Kinsey, more specifically, is about sex: what it is, what it means, and what it does. While the film initially plays off the populace’s ignorance about sex as comedy, there’s a sadness evident in Neeson’s expression each time a student comes to him with an absurd sexual belief and a determined fury carried in his voice when he lectures on intercourse basics (with visual accompaniment) to an exasperated class. Kinsey is, at first, quite self-assured and authoritative about his ability to control the landslide of information which he gathers through one-on-one interviews, but as he discovers that what people assume is being done sexually is not at all a reflection of what is actually being done, his grip on traditional sexual mores is severed and he engages in more sexual experimentation than your typical college-aged contemporary female with the gossamer pretext of better understanding his findings.
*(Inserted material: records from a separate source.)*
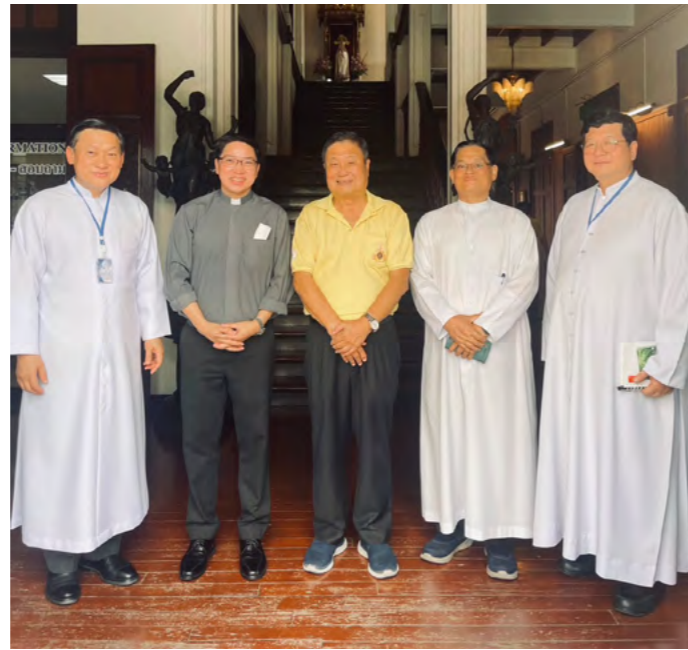
Purposive Discussions Towards Sustaining High Catholic Educational Standards in Thailand

On Friday, April 26, 2024, HRH Princess Maha Chakri Sirindhorn awarded honourable mention of the ASA Conservation Award for Architecture and Community Heritage Conservation 2020-2021 to MARTIN DE TOURS building Saint Gabriel's College, Bangkok, which was selected by the Association of Siamese Architects under Royal Patronage.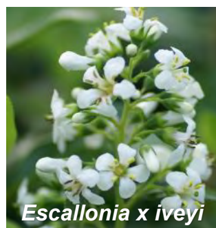
Escallonia x iveyi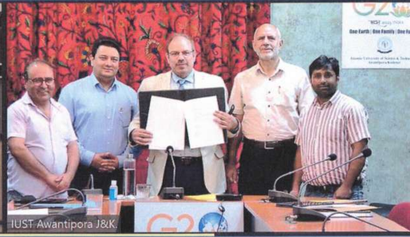
MoU with MegaAI Lab (MAILAB) Seoul, Republic of South Korea

The absolute inundation of Kinsey’s, his colleagues’, and his loved one’s lives with sex forms unforeseen rifts in their personal relationships and transforms them in often grotesque ways. Kinsey, ever the scientist, internalizes and attempts to distance himself from all emotion related to sex. His research partners devolve into promiscuous and foul-mouthed misanthropes; his wife is initially tortured by his infidelities in the name of science, but soon wanders down her own licentious path. Kinsey’s ultimate sexual revelation, however, one so grievously ignorable (Kinsey used the excuse that it could not be quantified) and yet so crucial, is the relationship between carnal desire and love. And though his findings on the matter are far from conclusive, they do serve as a moving resolution to his internal struggles, and perhaps should be applied by the rest of us on a more routine basis.
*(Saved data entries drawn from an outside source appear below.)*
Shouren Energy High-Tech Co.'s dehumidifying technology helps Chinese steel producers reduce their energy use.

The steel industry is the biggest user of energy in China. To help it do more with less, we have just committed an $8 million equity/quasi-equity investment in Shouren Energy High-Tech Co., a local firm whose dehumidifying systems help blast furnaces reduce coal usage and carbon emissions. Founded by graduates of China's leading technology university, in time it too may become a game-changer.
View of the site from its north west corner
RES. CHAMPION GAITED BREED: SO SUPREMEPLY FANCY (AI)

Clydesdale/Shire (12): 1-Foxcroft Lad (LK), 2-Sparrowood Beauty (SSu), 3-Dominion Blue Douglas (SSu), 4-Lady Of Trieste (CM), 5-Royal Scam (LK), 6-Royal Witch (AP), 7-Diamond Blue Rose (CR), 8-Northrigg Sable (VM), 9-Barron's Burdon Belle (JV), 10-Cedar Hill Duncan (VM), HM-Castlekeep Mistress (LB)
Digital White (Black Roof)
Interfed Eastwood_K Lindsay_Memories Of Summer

During a lecture toward the end of the film, as Kinsey’s book, institute, and reputation are being attacked by fundamentalists and labeled as scathingly immoral, he states that, “The forces of chastity are amassing once again.” This statement is not at all out of place right now, as we toil under a governmental regime focused on espousing “moral values” (whatever those are) and hell-bent on abolishing gay marriages and a woman’s right to an abortion, working to erase progress which Kinsey instigated. Perhaps such influence will bear the fruit of rekindled purity, and once again women will expectantly look toward their navels to witness the majesty of childbirth. Condon’s remarkable film goes to painstaking lengths to exemplify the significance of Kinsey’s work, and is very forthright in relating they joys of informed sex versus the dehumanizing nature of sexual deviancy. What is clear, though, is that America has progressed because of Kinsey’s work, and it is fascinating to observe how (almost frighteningly) far we’ve come since his day. Because of Kinsey, I am not afraid to admit that, after typing the last word of this review, I will proudly mosey on down to the stable and lovingly fellate every stinking horse in sight.